-- Data block --
————————
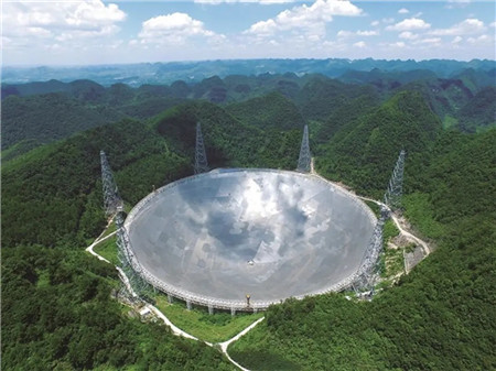 500米口徑球面射電望遠(yuǎn)鏡(Five-hundred-meter Aperture Spherical Telescope),簡稱FAST。是由中國科學(xué)院國家天文臺(tái)主導(dǎo)建設(shè),具有我國自主知識(shí)產(chǎn)權(quán)、世界最大單口徑、最靈敏的射電望遠(yuǎn)鏡。綜合性能是著名的射電望遠(yuǎn)鏡阿雷西博的十倍。
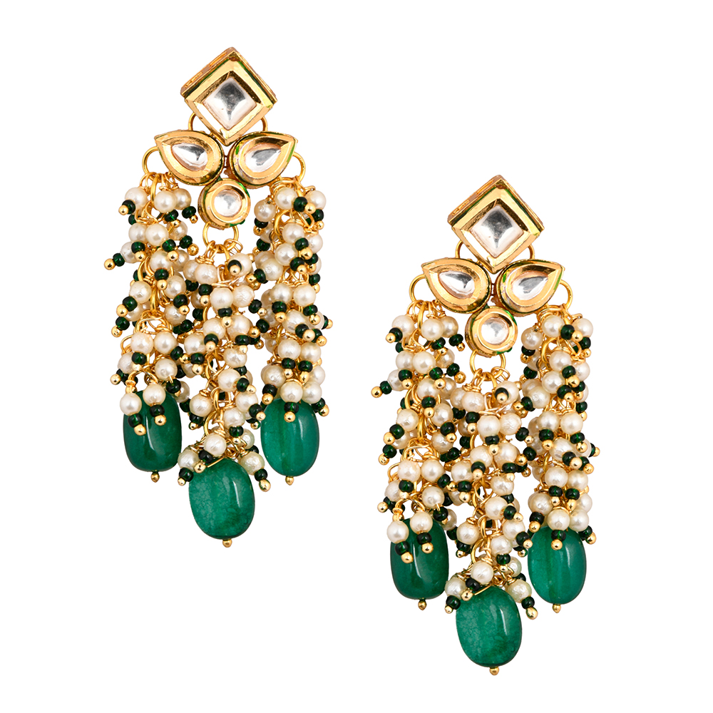 These earrings combine mirror-cluster design with pearl strands and green bead drops, offering a sophisticated yet vibrant accessory for both traditional and contemporary styles.
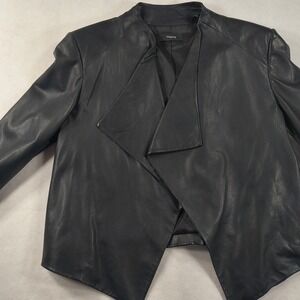Theory 100% Sheep Leather Jacket Draped Open Front Zip Sleeve Moto Blazer Chic
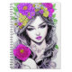 Eine schwarz-weiße Linie zeichne einem hübschen Mädchen, das mit bunten Blume bedeckt ist
————————
-- Problem requirements --
Reproduce the listing verbatim, pictures excluded.

-- Response area --
 500米口徑球面射電望遠(yuǎn)鏡(Five-hundred-meter Aperture Spherical Telescope),簡稱FAST。是由中國科學(xué)院國家天文臺(tái)主導(dǎo)建設(shè),具有我國自主知識(shí)產(chǎn)權(quán)、世界最大單口徑、最靈敏的射電望遠(yuǎn)鏡。綜合性能是著名的射電望遠(yuǎn)鏡阿雷西博的十倍。
 These earrings combine mirror-cluster design with pearl strands and green bead drops, offering a sophisticated yet vibrant accessory for both traditional and contemporary styles.
Theory 100% Sheep Leather Jacket Draped Open Front Zip Sleeve Moto Blazer Chic
 Eine schwarz-weiße Linie zeichne einem hübschen Mädchen, das mit bunten Blume bedeckt ist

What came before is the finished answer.